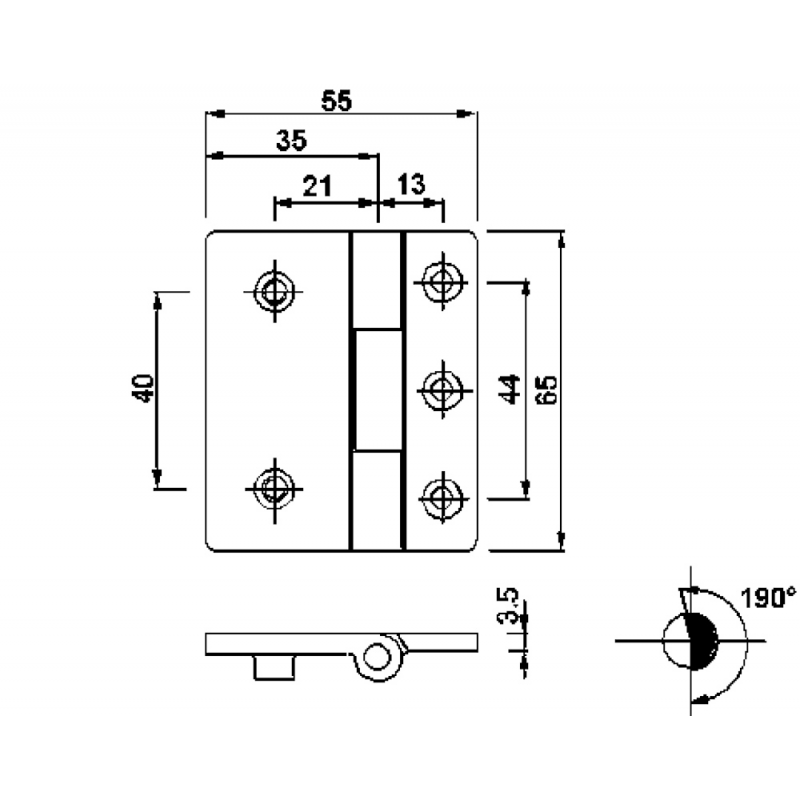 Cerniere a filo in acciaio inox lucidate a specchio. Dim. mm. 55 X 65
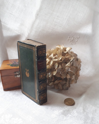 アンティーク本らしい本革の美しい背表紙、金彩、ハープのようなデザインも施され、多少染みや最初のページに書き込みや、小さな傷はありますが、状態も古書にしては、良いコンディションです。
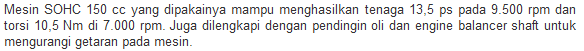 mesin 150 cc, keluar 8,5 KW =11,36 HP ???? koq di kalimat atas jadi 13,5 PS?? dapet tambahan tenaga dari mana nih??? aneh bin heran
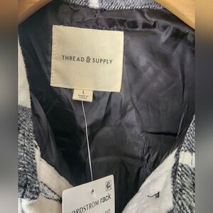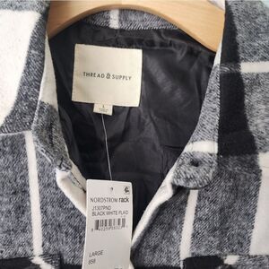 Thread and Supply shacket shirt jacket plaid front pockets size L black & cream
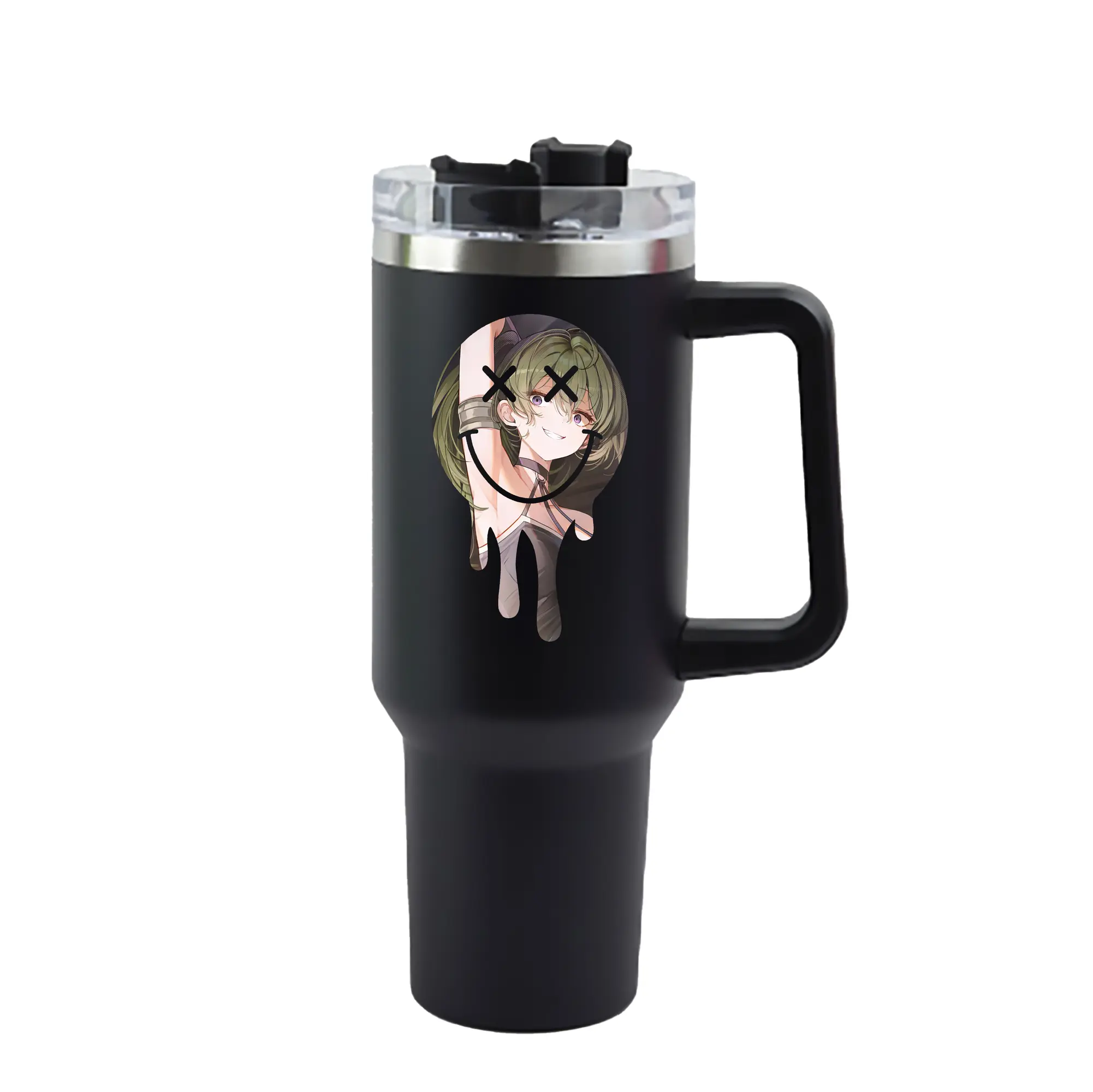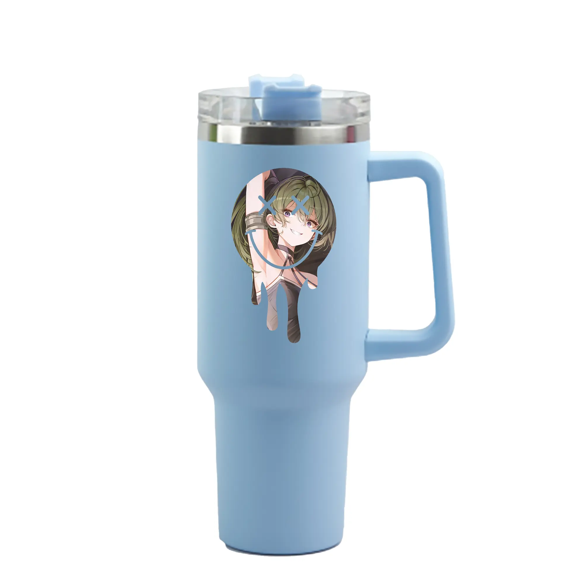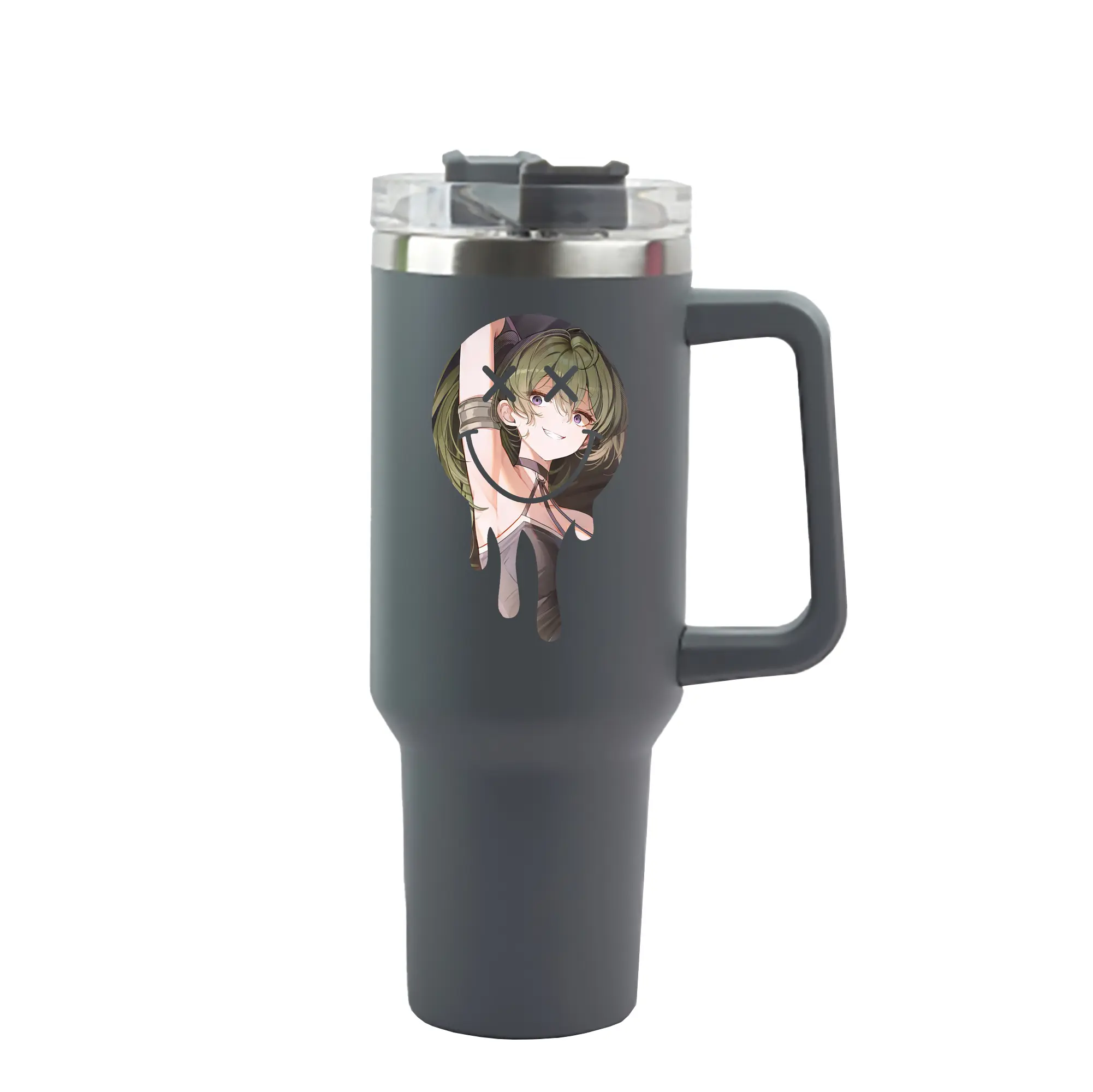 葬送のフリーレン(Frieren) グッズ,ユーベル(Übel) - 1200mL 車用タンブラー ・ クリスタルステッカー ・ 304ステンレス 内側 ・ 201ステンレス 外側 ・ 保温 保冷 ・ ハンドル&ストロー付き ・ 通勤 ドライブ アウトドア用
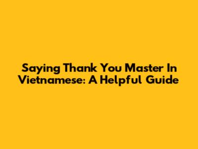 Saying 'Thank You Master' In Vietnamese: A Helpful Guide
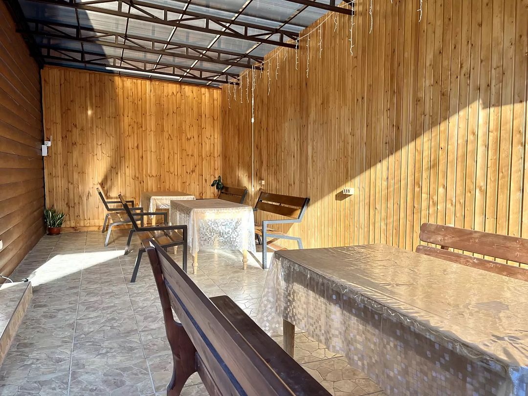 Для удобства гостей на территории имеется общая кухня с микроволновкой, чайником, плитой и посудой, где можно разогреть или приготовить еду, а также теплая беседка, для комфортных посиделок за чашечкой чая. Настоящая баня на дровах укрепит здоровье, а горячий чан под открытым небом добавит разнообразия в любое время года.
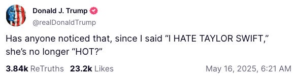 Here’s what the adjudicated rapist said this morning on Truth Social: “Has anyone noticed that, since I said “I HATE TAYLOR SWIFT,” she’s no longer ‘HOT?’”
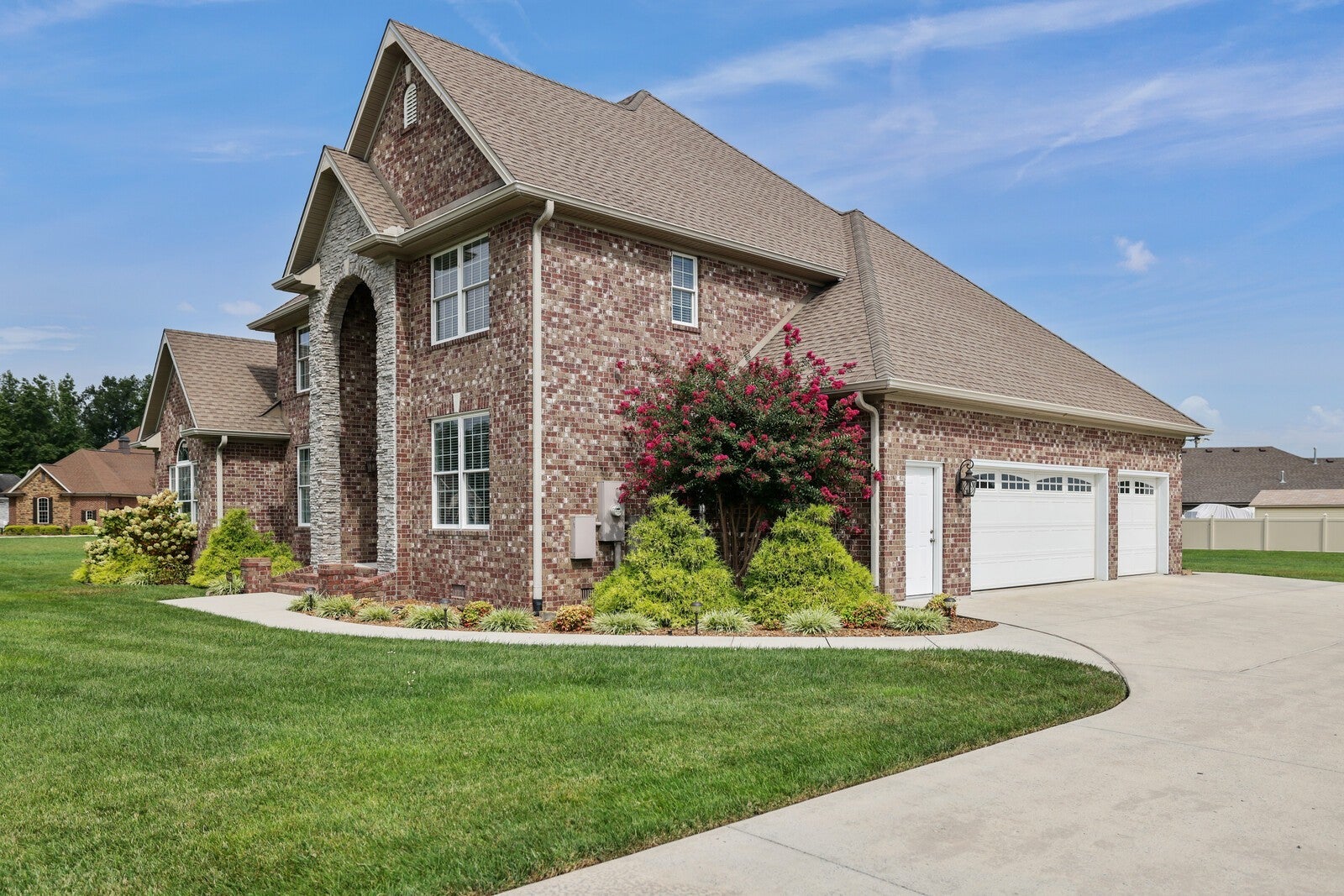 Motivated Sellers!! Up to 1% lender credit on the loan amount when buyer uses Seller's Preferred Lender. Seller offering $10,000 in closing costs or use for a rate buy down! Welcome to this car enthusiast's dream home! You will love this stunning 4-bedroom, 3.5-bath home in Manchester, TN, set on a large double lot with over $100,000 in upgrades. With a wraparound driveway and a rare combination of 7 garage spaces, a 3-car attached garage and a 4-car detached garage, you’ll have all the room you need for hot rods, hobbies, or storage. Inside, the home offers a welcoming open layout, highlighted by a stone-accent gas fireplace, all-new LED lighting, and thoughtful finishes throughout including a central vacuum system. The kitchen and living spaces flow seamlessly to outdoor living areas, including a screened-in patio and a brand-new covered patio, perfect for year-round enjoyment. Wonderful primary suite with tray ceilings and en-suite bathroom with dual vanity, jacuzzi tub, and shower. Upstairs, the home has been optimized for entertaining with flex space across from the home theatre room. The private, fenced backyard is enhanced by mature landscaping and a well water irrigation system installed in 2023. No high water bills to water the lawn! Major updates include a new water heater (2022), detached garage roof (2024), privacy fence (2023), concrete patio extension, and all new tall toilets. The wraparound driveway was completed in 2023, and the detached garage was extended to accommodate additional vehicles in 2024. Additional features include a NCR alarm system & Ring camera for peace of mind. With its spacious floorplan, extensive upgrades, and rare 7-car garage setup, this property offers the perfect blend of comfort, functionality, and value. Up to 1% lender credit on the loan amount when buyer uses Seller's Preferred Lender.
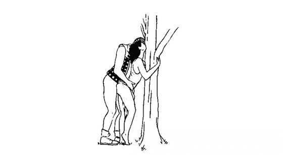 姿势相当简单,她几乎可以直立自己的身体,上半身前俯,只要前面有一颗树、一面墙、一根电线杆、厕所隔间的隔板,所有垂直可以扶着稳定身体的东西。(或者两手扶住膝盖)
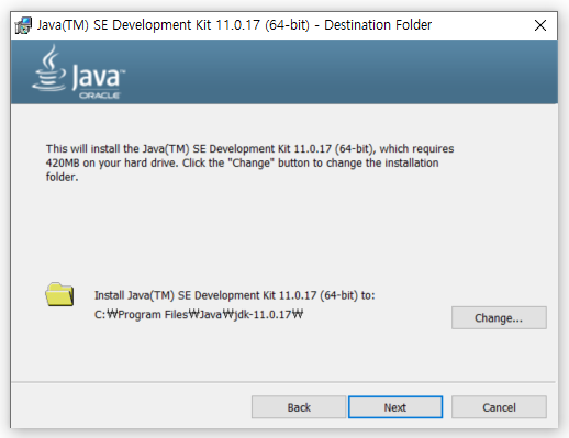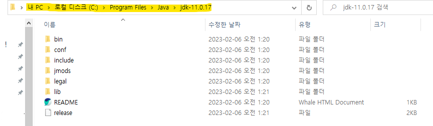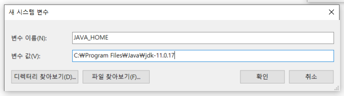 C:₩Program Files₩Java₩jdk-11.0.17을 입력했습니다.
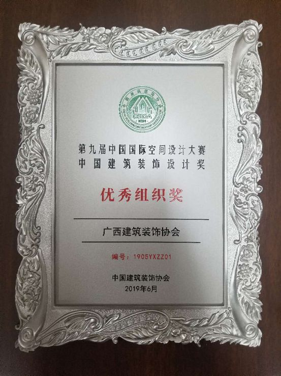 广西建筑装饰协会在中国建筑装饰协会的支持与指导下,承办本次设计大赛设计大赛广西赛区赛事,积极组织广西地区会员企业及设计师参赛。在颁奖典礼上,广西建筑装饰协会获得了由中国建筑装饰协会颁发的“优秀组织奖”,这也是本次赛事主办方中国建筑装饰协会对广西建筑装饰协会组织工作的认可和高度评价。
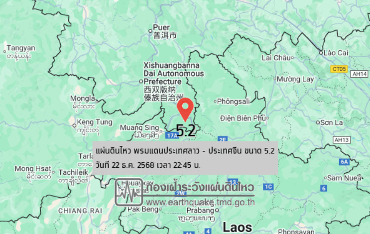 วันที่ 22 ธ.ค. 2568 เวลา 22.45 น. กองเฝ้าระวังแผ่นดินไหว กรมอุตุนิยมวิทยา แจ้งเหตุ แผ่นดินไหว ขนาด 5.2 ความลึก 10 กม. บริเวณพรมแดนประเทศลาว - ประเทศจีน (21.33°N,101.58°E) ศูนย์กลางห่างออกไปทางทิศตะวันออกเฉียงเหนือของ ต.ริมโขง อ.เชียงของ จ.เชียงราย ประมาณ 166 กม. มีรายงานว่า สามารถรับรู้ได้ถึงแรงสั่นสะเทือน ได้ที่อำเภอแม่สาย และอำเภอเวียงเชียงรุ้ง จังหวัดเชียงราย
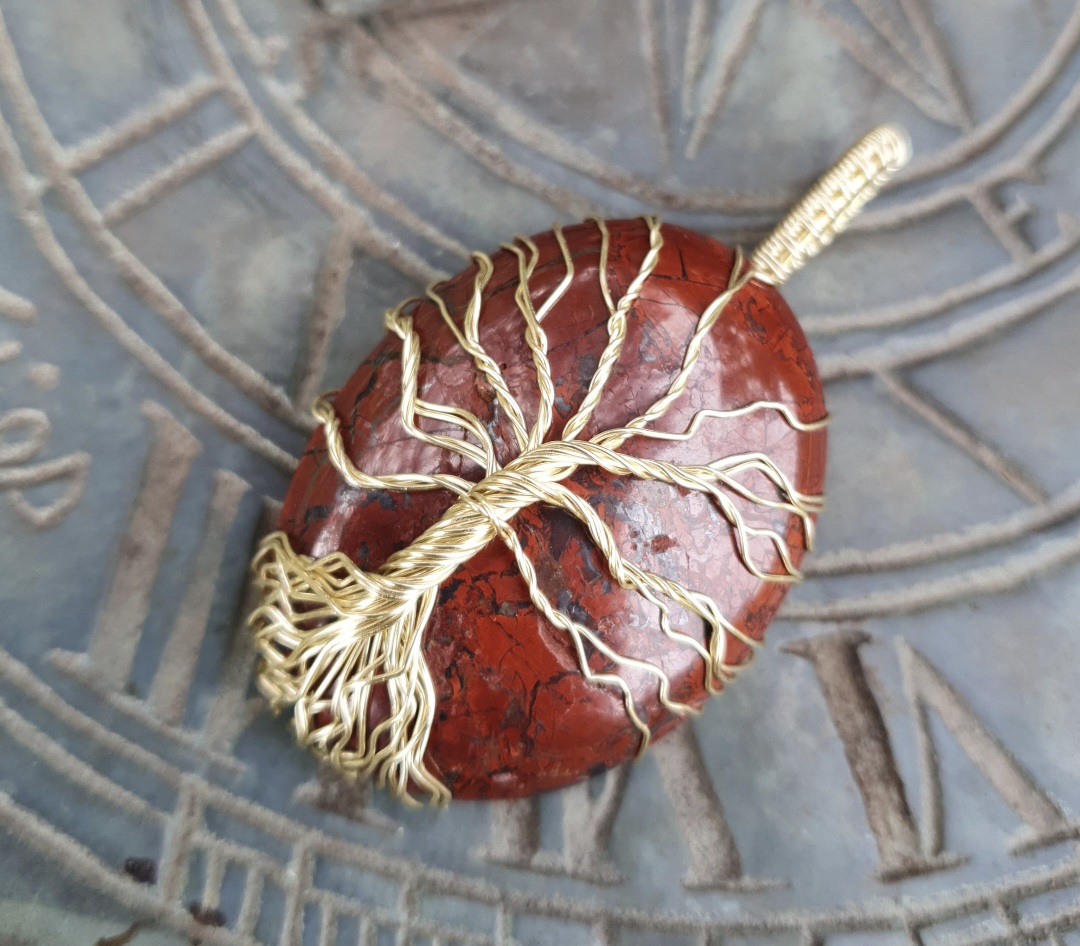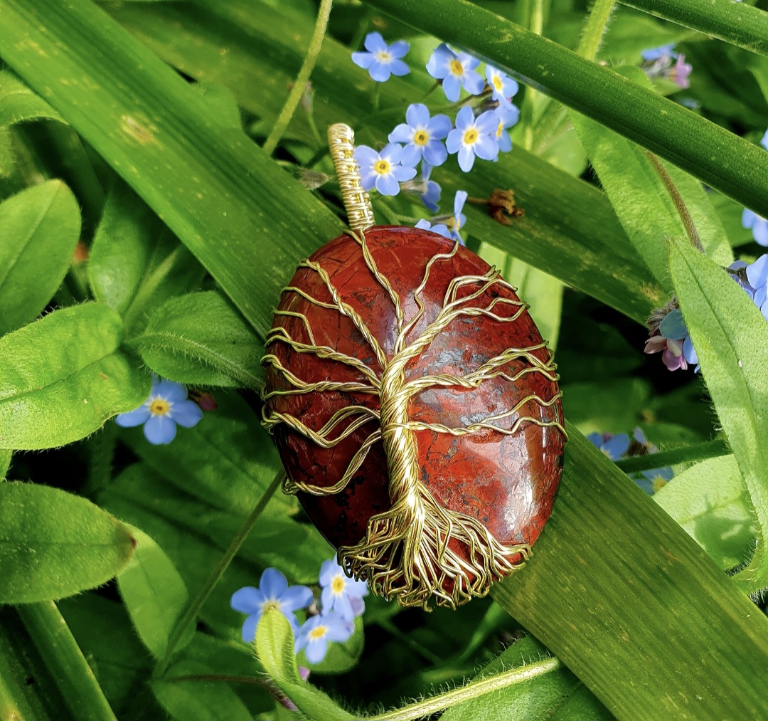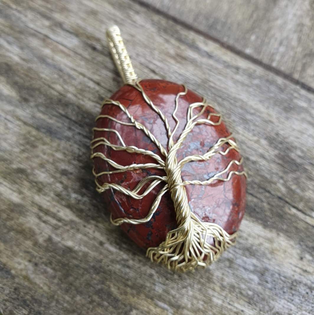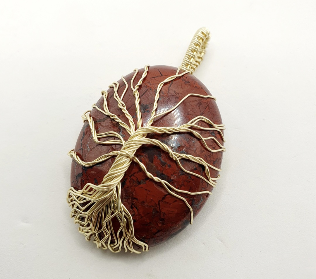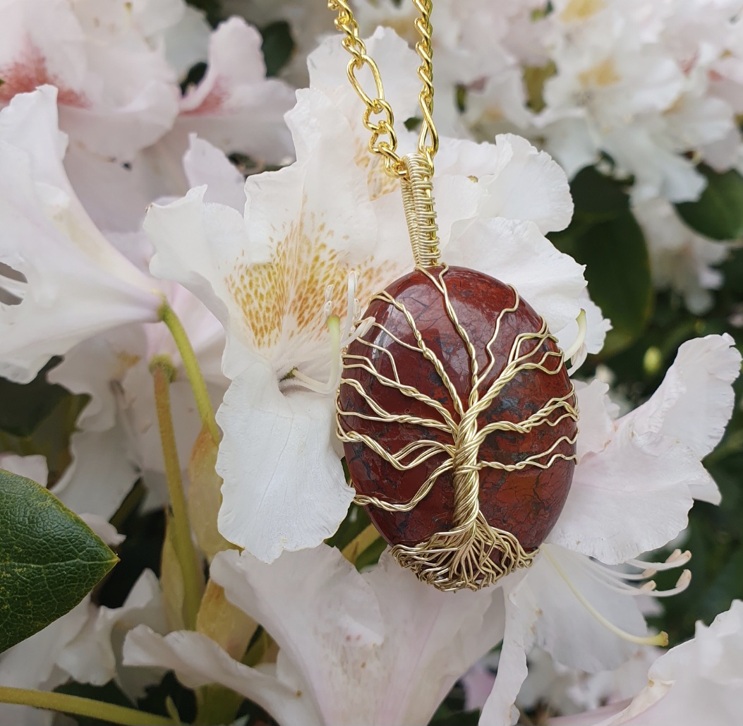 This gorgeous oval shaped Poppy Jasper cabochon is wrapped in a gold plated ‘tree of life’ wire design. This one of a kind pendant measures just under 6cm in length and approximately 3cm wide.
****
--- Exercise description ---
In the data, the line that contains "วันที่ 22 ธ.ค." begins the part to write out; restate it and each line after it word for word through the end, with no pictures.

--- Your solution ---
 วันที่ 22 ธ.ค. 2568 เวลา 22.45 น. กองเฝ้าระวังแผ่นดินไหว กรมอุตุนิยมวิทยา แจ้งเหตุ แผ่นดินไหว ขนาด 5.2 ความลึก 10 กม. บริเวณพรมแดนประเทศลาว - ประเทศจีน (21.33°N,101.58°E) ศูนย์กลางห่างออกไปทางทิศตะวันออกเฉียงเหนือของ ต.ริมโขง อ.เชียงของ จ.เชียงราย ประมาณ 166 กม. มีรายงานว่า สามารถรับรู้ได้ถึงแรงสั่นสะเทือน ได้ที่อำเภอแม่สาย และอำเภอเวียงเชียงรุ้ง จังหวัดเชียงราย
 This gorgeous oval shaped Poppy Jasper cabochon is wrapped in a gold plated ‘tree of life’ wire design. This one of a kind pendant measures just under 6cm in length and approximately 3cm wide.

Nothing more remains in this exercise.